Nasenkorrektur Köln - Nasen OP Köln - Aktuell: Auf dem Jahreskongress der GÄCD 2015 haben wir für den Vortrag zum Thema "Klinisch bewährte Tipps für die Nasenchirurgie" den Preis für den besten Vortag, den "Dolores Award" bekommen!

Die ästhetischen Nasenoperationen und Nachkorrekturen bei Frauen sind der Schwerpunkt der Forum Klinik in Köln. Für sich genommen ist die Nasenoperation der häufigste grössere Eingriff in der Forum Klinik. In keinem anderen Bereich der Plastischen Chirurgie hat sich in den vergangenen Jahren so viel getan wie in der ästhetischen Nasenchirurgie! Wir haben ein sicheres Gespür für die Ästhetik der weiblichen Nase. Nasenoperationen bei Männern bieten wir nicht mehr an. Die Zahl der männlichen Interessenten, bei denen wir aus verschiedensten Gründen von einer Nasenoperation abgeraten haben, war prozentual so hoch, dass bei der Knappheit unseres Terminkalenders letztlich die Entscheidung gefallen ist, nur noch Nasenberatungen bei Frauen anzubieten.

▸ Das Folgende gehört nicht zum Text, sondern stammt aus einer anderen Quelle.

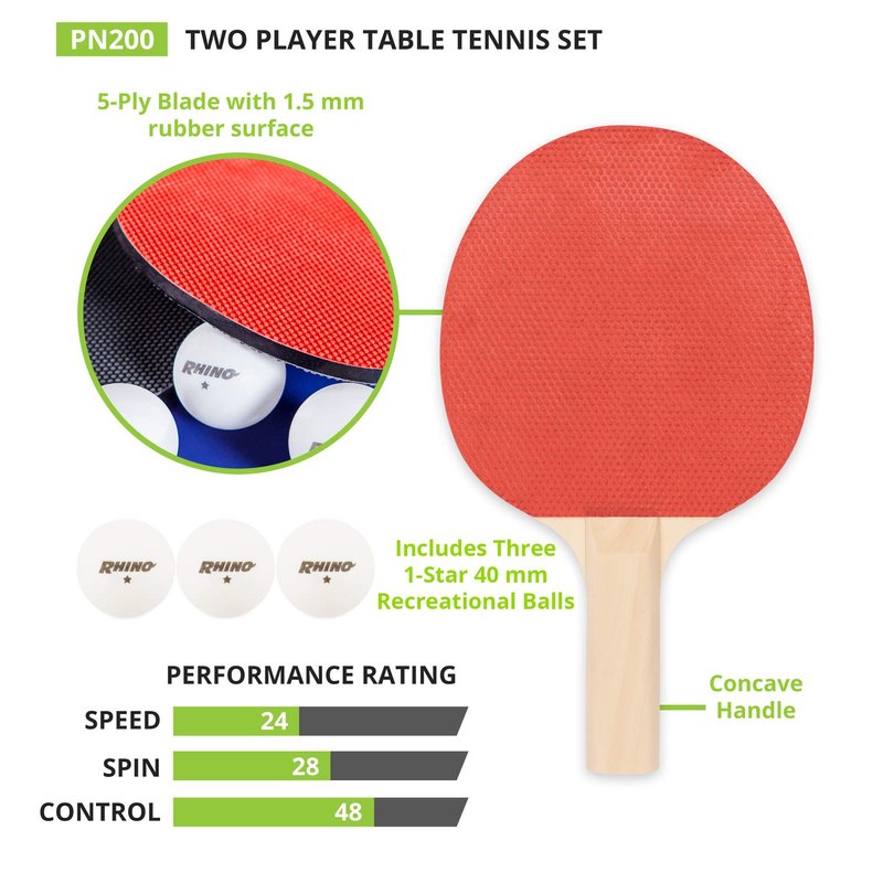 Champion Sports PN200 Table Tennis Set: 2 Player Ping Pong Accessories Kit with 2 Paddles & 3 Balls, Indoor Ping Pong Equipment for Men, Women & Kids

Die OP Techniken sind heute so grundlegend anders als noch vor 15 Jahren, dass eine neue Ära der angebrochen zu sein scheint (unten hierzu mehr). Die OP Techniken sind wesentlich schonender und präziser, die Ergebnisse viel vorhersehbarer und planbarer geworden. Es vergeht kein Jahr, in dem nicht weitere Verbesserungen und Verfeinerungen eingeführt werden. Das Thema Nasenchirurgie begeistert uns. Frauen sind unsere Hauptzielgruppe, über 95% der Nasenoperationen erfolgen in unserem Haus bei Frauen. Wir haben ein sicheres Gefühl für die Ästhetik der weiblichen Nase.Die Nasenchirurgie ist auch das Gebiet der Plastischen Chirurgie, bei dem der ästhetisch-künstlerische Aspekt am meisten gefordert ist und bei dem neben Wissen, Erfahrung und Geschick insbesondere Talent gefordert ist.  Bei keinem Bereich der Plastischen Chirurgie gilt mehr als in der Nasenchirurgie die Feststellung, dass, wer wirklich sehr gut sein will, dieses Gebiet nicht nebenbei betreiben darf.  " Ganz oder gar nicht " ist hier die Devise. Wir "brennen" für Nasen!

Erstgespräch

Im Rahmen des Erstgespräches in unserer Klinik in Köln untersuchen wir Ihre Nase von außen und innen und beraten Sie hinsichtlich der Möglichkeiten. Bei diesem Termin wird dann eine Computersimulation der Nase mit Ihnen gemeinsam erarbeitet. Die Computersimulation hat sich als außerordentlich wirksam erwiesen. Sehr schön kann in dem veränderten Bild geprüft werden, ob die angestrebte Nasenkorrektur auch zu den übrigen Gesichtsproportionen harmonisch wirkt. Gemeinsam entwickeln wir eine Zielvorstellung der zukünftigen Nasenform. Die Computersimulation hilft zu prüfen, ob die Vorstellungen von Ihnen und uns übereinstimmt. Sie ist keine absolute Garantie, dass nach einem Eingriff die Nase exakt so aussieht. Doch die Übereinstimmungsrate ist sehr hoch und die Computersimulation inzwischen ein sehr wertvolles Planungs - Hilfsmittel. Wir erlauben allen unseren Patienten, ein Bild von der Computersimulation mit nach Hause zu nehmen, um die erarbeitete Zielvorstellung mit Freunden und Verwandten zu besprechen. Ausserdem werden Sie Gelegenheit haben, Ergebnisse unserer Arbeit zu sehen - von der einfachen Höckernase über die ästhetisch komplizierte bis zu mehrfach voroperierten und wiederhergestellten Nasen. Arzt und Patientin müssen sich gegenseitig vertrauen und es muss passen. Was sich so banal anhört, impliziert dass beide (Arzt und Patientin) sich entscheiden müssen, ob sie den Weg zusammen gehen wollen. Es hat auch etwas zu tun mit dem individuellen ästhetischen Empfinden. Viel einfacher ist es, ein schönes Ziel sicher zu erreichen, wenn Sie als Patientin und wir das gleiche Ziel schön finden. Die Gespräche (zwei sind es mindestens) zeigen meist rasch, ob es "passt". Es kommt aber auch vor, dass wir nicht operieren wollen, aus welchen Gründen auch immer. Wir versuchen dies dann sehr gefühlvoll zu vermitteln, raten entweder ganz ab oder empfehlen Alternativen oder zweite Meinungen. 

Die Simulation

Die Simulation erfolgt wie oben beschrieben bei dem ersten Gespräch.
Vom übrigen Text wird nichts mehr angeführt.